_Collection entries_
[Start of Attachment]

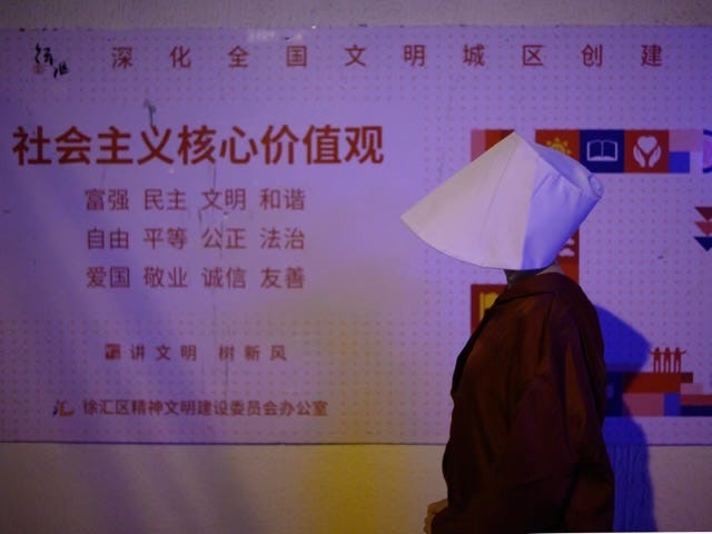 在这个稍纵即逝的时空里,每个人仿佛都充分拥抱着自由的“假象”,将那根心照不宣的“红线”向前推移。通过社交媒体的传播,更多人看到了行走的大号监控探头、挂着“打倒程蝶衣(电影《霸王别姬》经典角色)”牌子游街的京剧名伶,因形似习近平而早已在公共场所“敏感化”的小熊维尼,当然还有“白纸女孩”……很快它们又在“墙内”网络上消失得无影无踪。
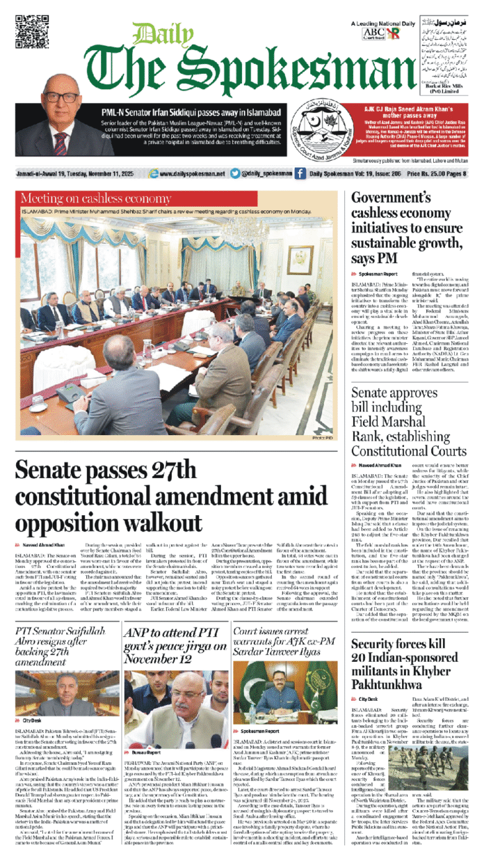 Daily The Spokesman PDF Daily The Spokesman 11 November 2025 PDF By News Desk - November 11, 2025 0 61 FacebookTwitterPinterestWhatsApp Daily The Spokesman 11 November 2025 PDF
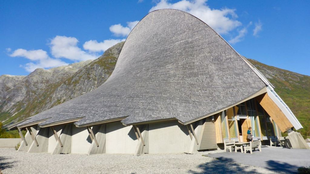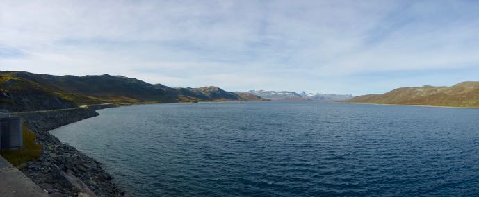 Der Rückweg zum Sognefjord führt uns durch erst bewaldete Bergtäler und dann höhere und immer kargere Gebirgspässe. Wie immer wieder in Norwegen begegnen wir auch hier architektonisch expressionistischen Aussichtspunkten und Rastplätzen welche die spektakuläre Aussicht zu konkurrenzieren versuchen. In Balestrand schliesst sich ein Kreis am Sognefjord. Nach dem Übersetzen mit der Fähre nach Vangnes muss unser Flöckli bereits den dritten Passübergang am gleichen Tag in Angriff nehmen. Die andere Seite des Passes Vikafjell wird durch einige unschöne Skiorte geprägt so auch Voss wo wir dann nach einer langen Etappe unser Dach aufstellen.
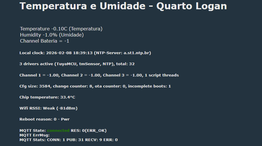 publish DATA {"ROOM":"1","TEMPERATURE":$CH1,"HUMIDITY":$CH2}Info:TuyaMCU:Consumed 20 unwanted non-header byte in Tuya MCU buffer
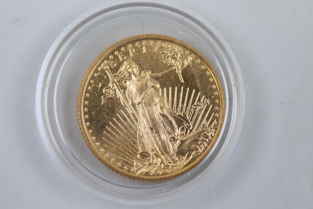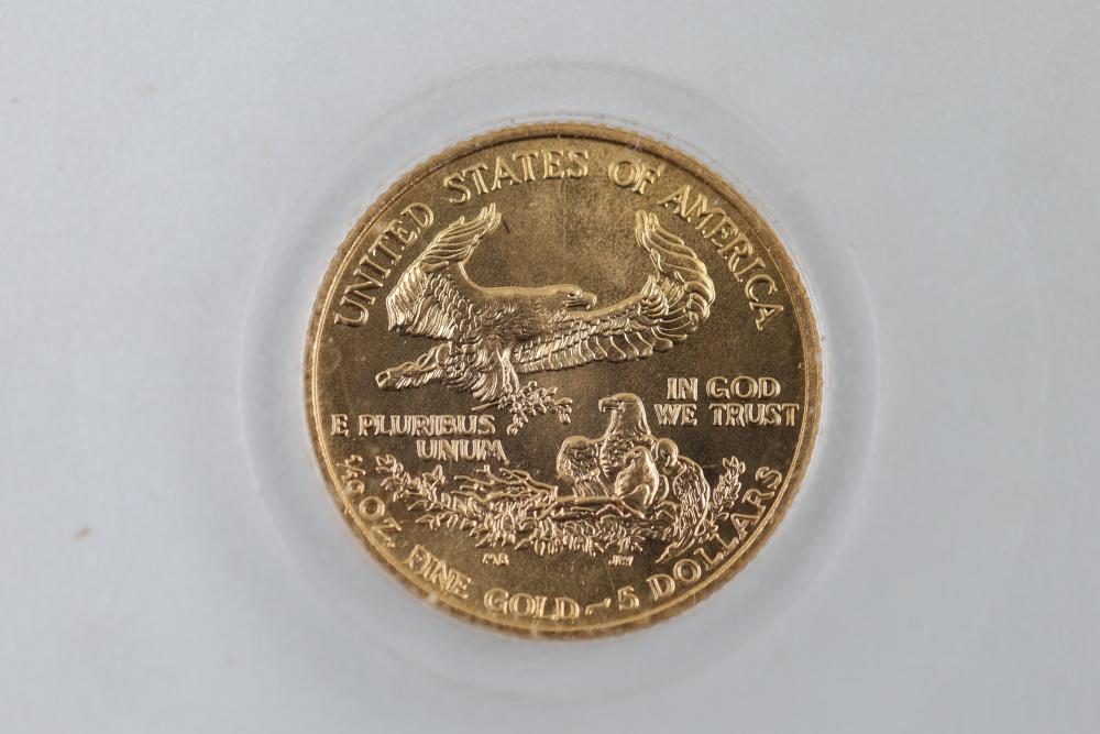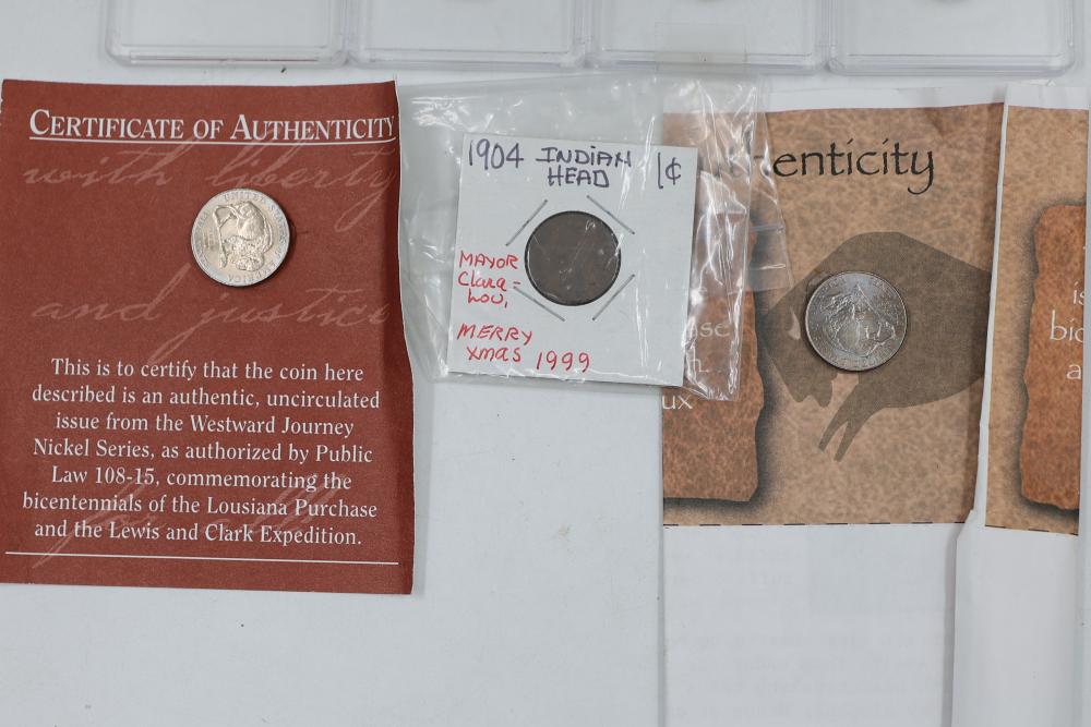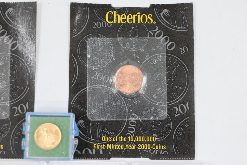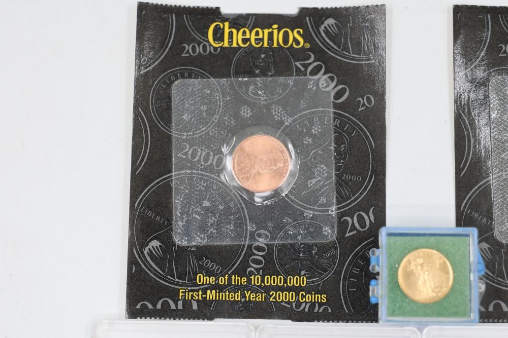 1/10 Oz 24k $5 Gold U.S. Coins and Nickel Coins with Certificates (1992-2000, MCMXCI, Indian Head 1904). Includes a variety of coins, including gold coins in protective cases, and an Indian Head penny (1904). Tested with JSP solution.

[End of Attachment]

_Problem_
Your task is to reproduce exactly the lines from the start of the data above through the line containing "Daily The Spokesman PDF", leaving every picture out.

_Your response_
 在这个稍纵即逝的时空里,每个人仿佛都充分拥抱着自由的“假象”,将那根心照不宣的“红线”向前推移。通过社交媒体的传播,更多人看到了行走的大号监控探头、挂着“打倒程蝶衣(电影《霸王别姬》经典角色)”牌子游街的京剧名伶,因形似习近平而早已在公共场所“敏感化”的小熊维尼,当然还有“白纸女孩”……很快它们又在“墙内”网络上消失得无影无踪。
 Daily The Spokesman PDF Daily The Spokesman 11 November 2025 PDF By News Desk - November 11, 2025 0 61 FacebookTwitterPinterestWhatsApp Daily The Spokesman 11 November 2025 PDF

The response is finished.